Aim of the exercise :: Begin at the line below that has "Halbeinbauwaschbecken komplett in". Stop after the line that has "Weber Saint Gobain", repeating each line exactly and leaving out the pictures.

Material shown ::
##############################

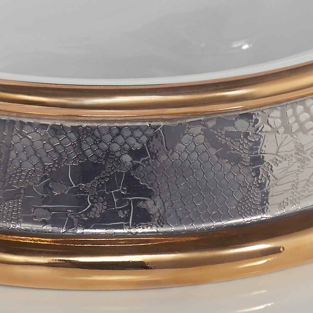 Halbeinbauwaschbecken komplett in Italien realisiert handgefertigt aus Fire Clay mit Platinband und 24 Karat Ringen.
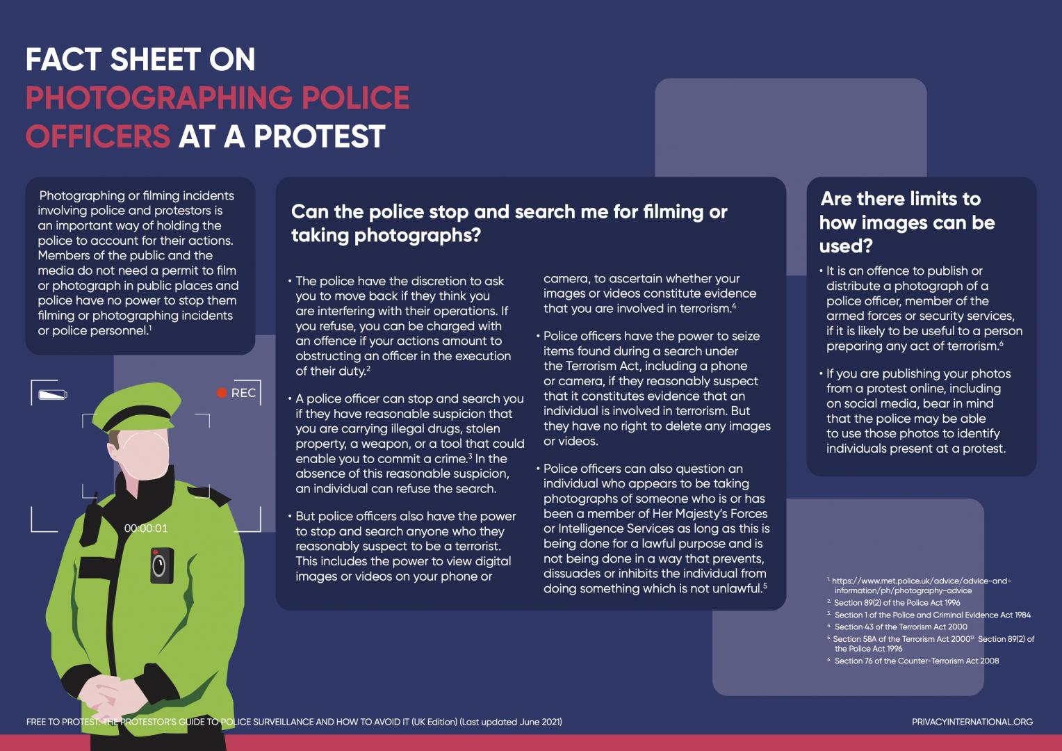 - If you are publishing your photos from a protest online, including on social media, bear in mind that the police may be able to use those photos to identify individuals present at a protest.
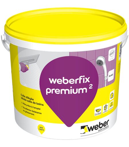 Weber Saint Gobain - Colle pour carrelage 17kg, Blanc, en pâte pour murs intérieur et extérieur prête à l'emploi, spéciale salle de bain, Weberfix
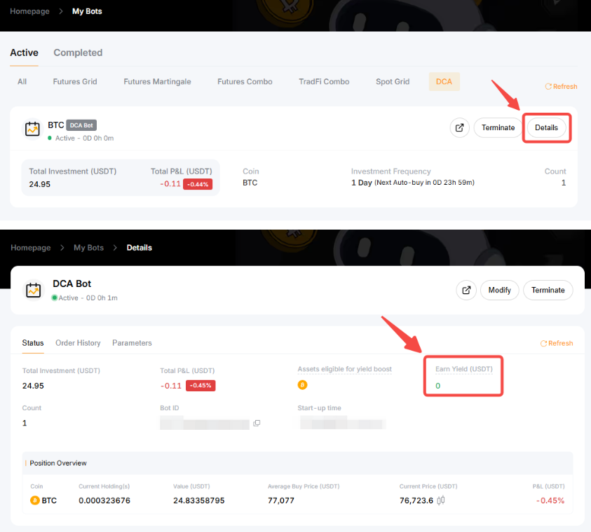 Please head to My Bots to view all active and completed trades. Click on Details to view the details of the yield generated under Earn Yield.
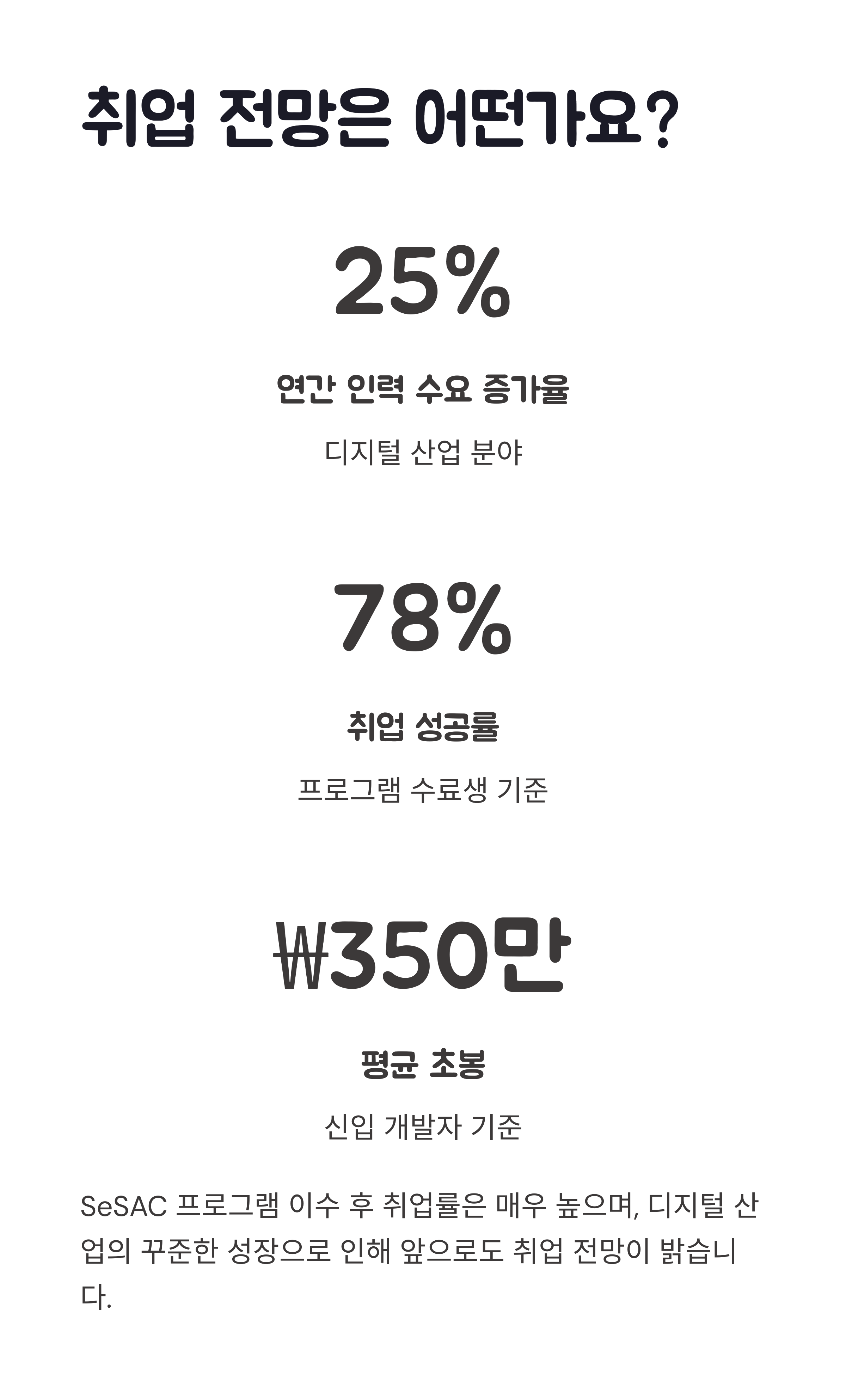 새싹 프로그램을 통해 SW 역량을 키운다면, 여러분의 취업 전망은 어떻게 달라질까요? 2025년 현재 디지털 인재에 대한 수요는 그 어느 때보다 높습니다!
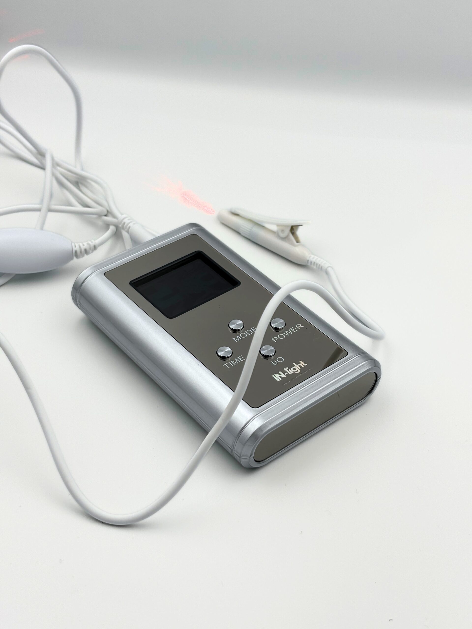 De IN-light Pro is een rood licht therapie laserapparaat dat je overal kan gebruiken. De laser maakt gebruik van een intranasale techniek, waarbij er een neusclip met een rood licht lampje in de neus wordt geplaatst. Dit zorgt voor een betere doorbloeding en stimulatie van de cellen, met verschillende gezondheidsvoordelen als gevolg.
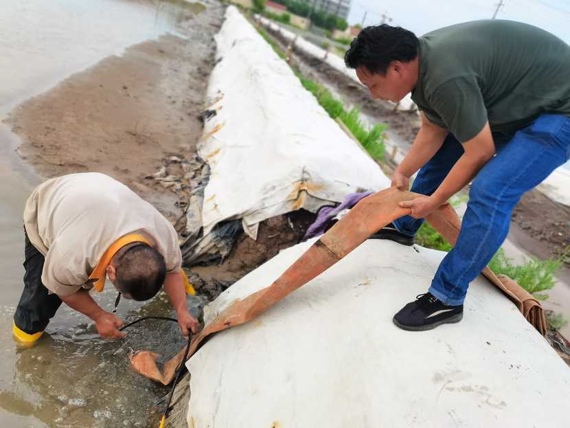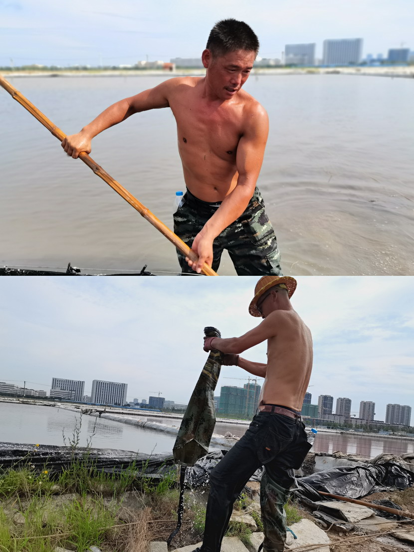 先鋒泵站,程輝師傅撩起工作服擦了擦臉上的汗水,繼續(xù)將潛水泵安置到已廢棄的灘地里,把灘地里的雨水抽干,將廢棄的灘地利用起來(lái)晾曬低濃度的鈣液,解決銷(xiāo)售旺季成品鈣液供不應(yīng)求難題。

##############################

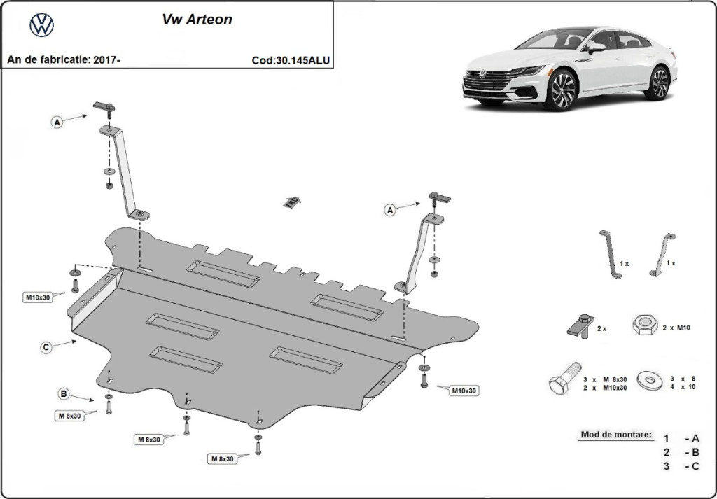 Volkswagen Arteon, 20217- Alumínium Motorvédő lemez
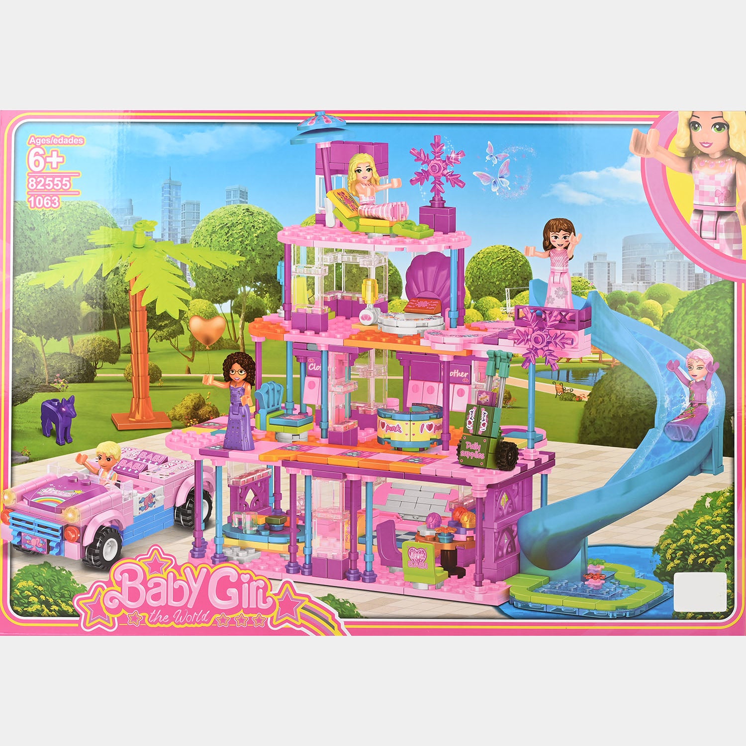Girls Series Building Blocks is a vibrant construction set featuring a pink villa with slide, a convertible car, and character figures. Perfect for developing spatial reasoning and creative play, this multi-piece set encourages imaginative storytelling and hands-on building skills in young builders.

##############################

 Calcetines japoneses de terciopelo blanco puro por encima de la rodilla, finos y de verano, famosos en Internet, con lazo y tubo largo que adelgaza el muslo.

##############################

Exercise response ::
 Halbeinbauwaschbecken komplett in Italien realisiert handgefertigt aus Fire Clay mit Platinband und 24 Karat Ringen.
 - If you are publishing your photos from a protest online, including on social media, bear in mind that the police may be able to use those photos to identify individuals present at a protest.
 Weber Saint Gobain - Colle pour carrelage 17kg, Blanc, en pâte pour murs intérieur et extérieur prête à l'emploi, spéciale salle de bain, Weberfix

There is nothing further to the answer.